DETROIT -- Buick-GMC's new chief inherits a familiar challenge: change consumers' perception of the Buick brand.
"Buick's an older person's vehicle," says Brian Sweeney, describing the public's view. "What can we do to reverse that?"
Sweeney, a 42-year-old sales and marketing executive at General Motors Co., became general manager of Buick-GMC on Dec. 17.
GMC, Sweeney says, is in good shape. Attracting a younger Buick clientele poses his greatest challenge.
To be clear, "younger" doesn't mean people in their 20s, says Craig Bierley, Buick's product marketing director.
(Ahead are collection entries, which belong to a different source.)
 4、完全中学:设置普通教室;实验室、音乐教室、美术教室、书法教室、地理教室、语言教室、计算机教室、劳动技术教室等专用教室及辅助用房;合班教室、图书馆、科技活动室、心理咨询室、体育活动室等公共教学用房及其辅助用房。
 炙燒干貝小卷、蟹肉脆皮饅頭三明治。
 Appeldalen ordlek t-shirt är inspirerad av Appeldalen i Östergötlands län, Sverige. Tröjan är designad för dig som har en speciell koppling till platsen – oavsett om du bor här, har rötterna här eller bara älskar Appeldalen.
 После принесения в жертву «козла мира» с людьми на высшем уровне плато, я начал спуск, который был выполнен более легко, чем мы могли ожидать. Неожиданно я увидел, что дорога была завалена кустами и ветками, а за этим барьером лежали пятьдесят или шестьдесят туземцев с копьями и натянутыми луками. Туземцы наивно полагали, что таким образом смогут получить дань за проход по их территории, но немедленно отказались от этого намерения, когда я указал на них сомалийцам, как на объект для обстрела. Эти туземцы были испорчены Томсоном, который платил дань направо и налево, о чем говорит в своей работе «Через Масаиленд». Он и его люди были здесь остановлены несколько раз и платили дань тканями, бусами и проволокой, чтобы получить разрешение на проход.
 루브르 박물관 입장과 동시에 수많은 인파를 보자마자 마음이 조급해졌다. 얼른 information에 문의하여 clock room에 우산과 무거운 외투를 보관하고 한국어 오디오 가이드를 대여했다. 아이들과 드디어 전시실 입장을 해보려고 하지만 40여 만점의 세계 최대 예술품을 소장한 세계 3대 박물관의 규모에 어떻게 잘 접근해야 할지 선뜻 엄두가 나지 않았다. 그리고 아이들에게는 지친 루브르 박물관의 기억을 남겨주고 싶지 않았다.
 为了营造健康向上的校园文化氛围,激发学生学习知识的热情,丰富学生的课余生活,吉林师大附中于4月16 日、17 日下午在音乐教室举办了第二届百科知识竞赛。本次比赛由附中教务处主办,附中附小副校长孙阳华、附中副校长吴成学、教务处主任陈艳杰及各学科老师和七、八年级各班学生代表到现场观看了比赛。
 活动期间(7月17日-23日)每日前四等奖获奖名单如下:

Younger, he says, means people in their 40s and 50s.
While the average age of a U.S. car buyer is 52, the average age of a buyer of a Buick sedan is 70, Bierley says.
That is changing. More than a third of the buyers of the 2010 LaCrosse are 55 or younger, Bierley says, up from fewer than than 10 percent of the previous version's purchasers.
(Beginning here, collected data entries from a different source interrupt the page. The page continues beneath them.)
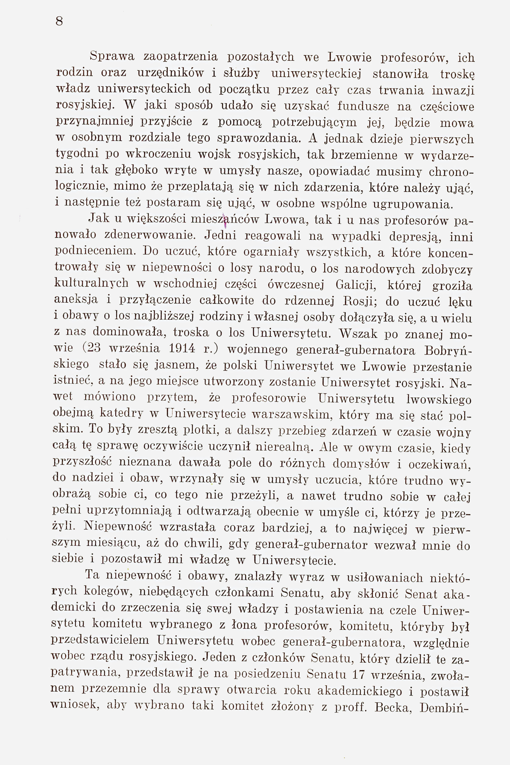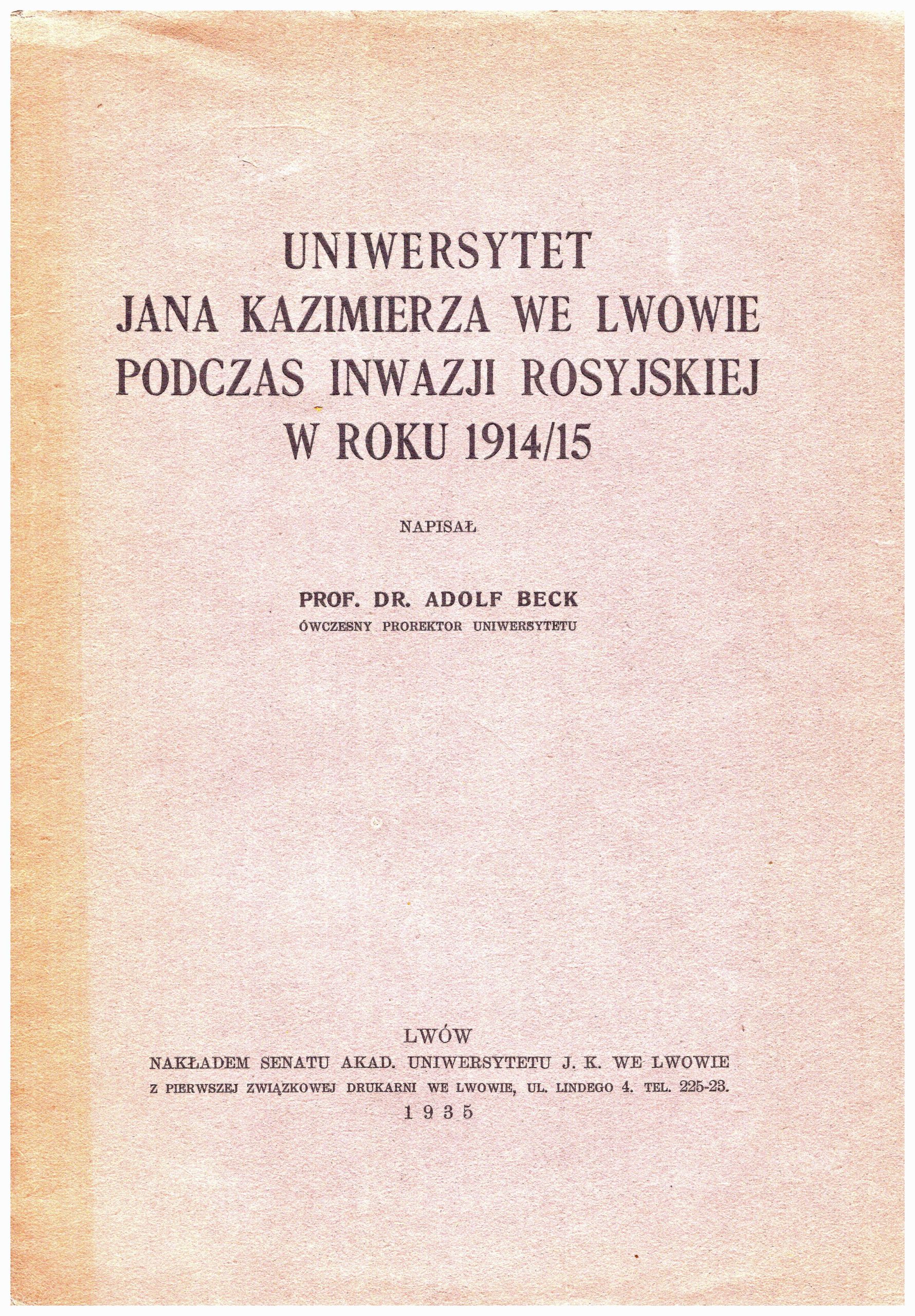 - zapis zdarzeń w trakcie okupacji sporządzony przez prof. Adolfa Becka, p.o. rektora Uniwersytetu Jana Kazimierza we Lwowie /fragmenty opisujące początek i koniec okupacji/.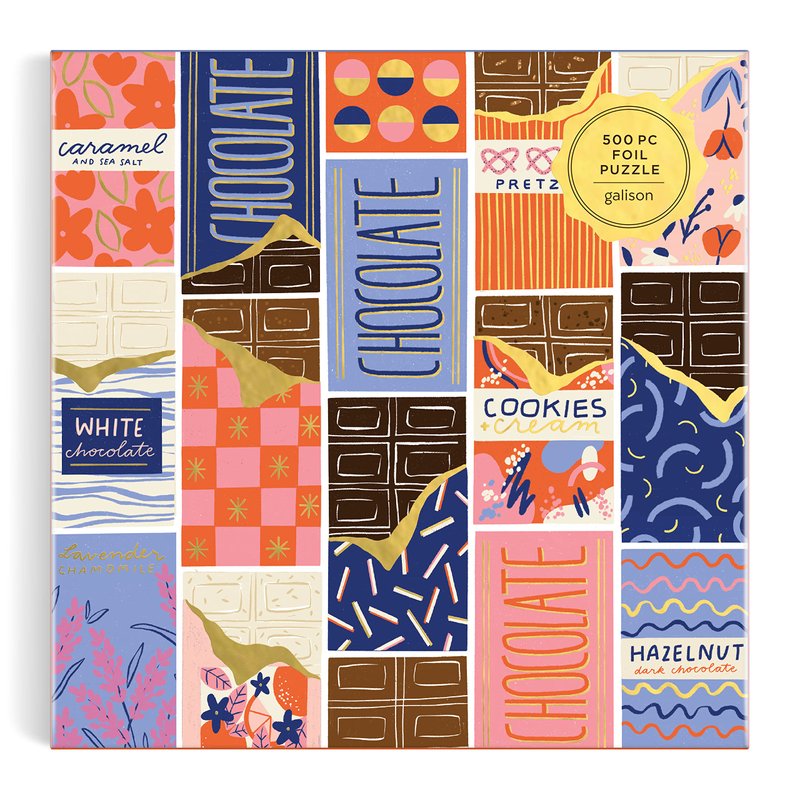 Galison at The Chocolate Bar – 500 Piece Foil Puzzle of Chocolate Bar Wrapper Artwork with Gold Foil Accents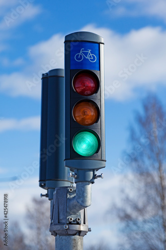 object, priority, intersection, stoplight, blue skies, sweden, go, copy space, electric, outdoors, day, technology, bicyclist, pedestrian, silhouette, regulation, order, pole, rule, isolated, transport, cycling, bicycle, bicyclist, bike, crossroad, control, yellow, way, lamp, danger, semaphore, stop, warning, colours, safety, signs, concept, symbol, urban, red, city, road, street, light, signal, green, traffic

Part of Buick's strategy is to create vehicles with better performance and technology. Sweeney is counting on the Regal sedan -- a reworked Opel Insignia coming in the spring.
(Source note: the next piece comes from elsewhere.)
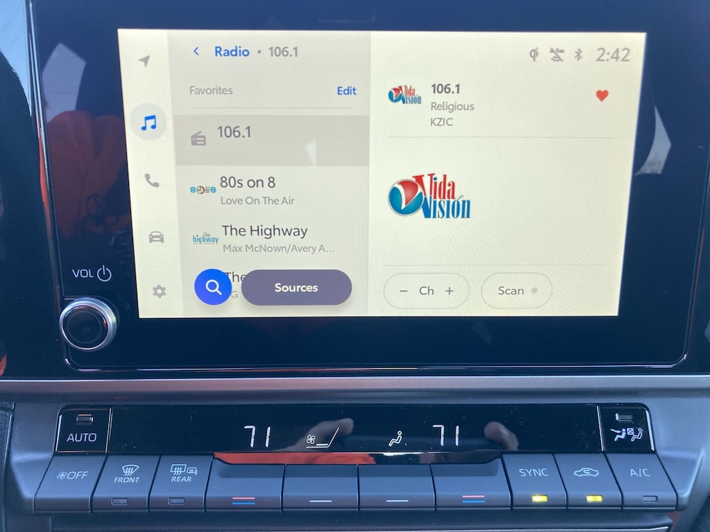 Features: Toyota Gold Certified Certified, Black w/SofTex and Fabric Seat Trim, ABS brakes, Active Cruise Control, Alloy wheels, Electronic Stability Control, Front dual zone A/C, Heated door mirrors, Illuminated entry, Low tire pressure warning, Remote keyless entry, Traction control, 4-Wheel Disc Brakes, 6 Speakers, Air Conditioning, AM/FM radio: SiriusXM, Apple CarPlay/Android Auto, Auto High-beam Headlights, Automatic temperature control, Brake assist, Bumpers: body-color, Delay-off headlights, Driver door bin, Driver vanity mirror, Dual front impact airbags, Dual front side impact airbags, Emergency communication system: Safety Connect (5-year trial), Exterior Parking Camera Rear, Four wheel independent suspension, Front anti-roll bar, Front Bucket Seats, Front Center Armrest, Front reading lights, Front Seats, Fully automatic headlights, Knee airbag, Leather Shift Knob, Leather steering wheel, Occupant sensing airbag, Outside temperature display, Overhead airbag, Overhead console, Panic alarm, Passenger door bin, Passenger vanity mirror, Power door mirrors, Power driver seat, Power steering, Power windows, Radio data system, Radio: 8" Toyota Audio Multimedia, Rear anti-roll bar, Rear reading lights, Rear seat center armrest, Rear window defroster, Security system, SofTex and Fabric Seat Trim, Speed control, Speed-sensing steering, Split folding rear seat, Spoiler, Steering wheel mounted audio controls, Telescoping steering wheel, Tilt steering wheel, Trip computer, Turn signal indicator mirrors, Variably intermittent wipers, and Wheels: 18" Multi-Spoke Black-Finished Alloy.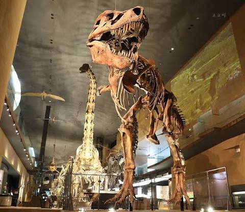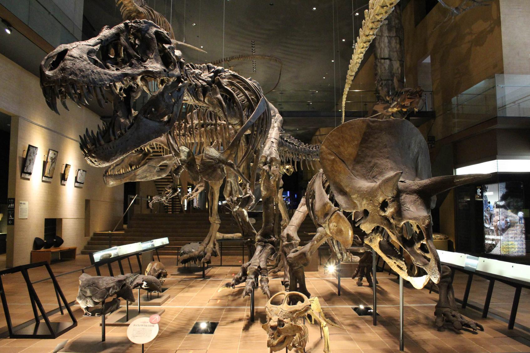 * 티라노사우루스 렉스 (Tyrannosaurus rex): 백악기 후기의 최상위 포식자인 티라노사우루스의 전신 골격이 역동적인 사냥 자세로 전시되어 있다. 이는 전 세계적으로 유명한 표본(예: Sue 또는 Stan 등)의 정밀 레플리카로 추정되며, 거대한 두개골과 강력한 뒷다리, 상대적으로 작은 앞다리의 해부학적 특징을 명확히 보여준다. 이 표본은 단순한 전시를 넘어 수각류 공룡의 생체 역학을 이해하는 데 중요한 시각 자료를 제공한다.

The other part of the strategy is showing Buick to consumers. Much of the Regal's advertising will be "experiential marketing," Bierley says. Buick started with the 2010 LaCrosse, taking the car to coffee shops, art fairs and wine festivals.
Sweeney is the third head of Buick-GMC in a month. He replaces Michael Richards, a former Ford Motor Co. executive who spent eight days at GM. Before Richards, Susan Docherty, now GM's U.S. sales and marketing boss, led the brands since June 2008.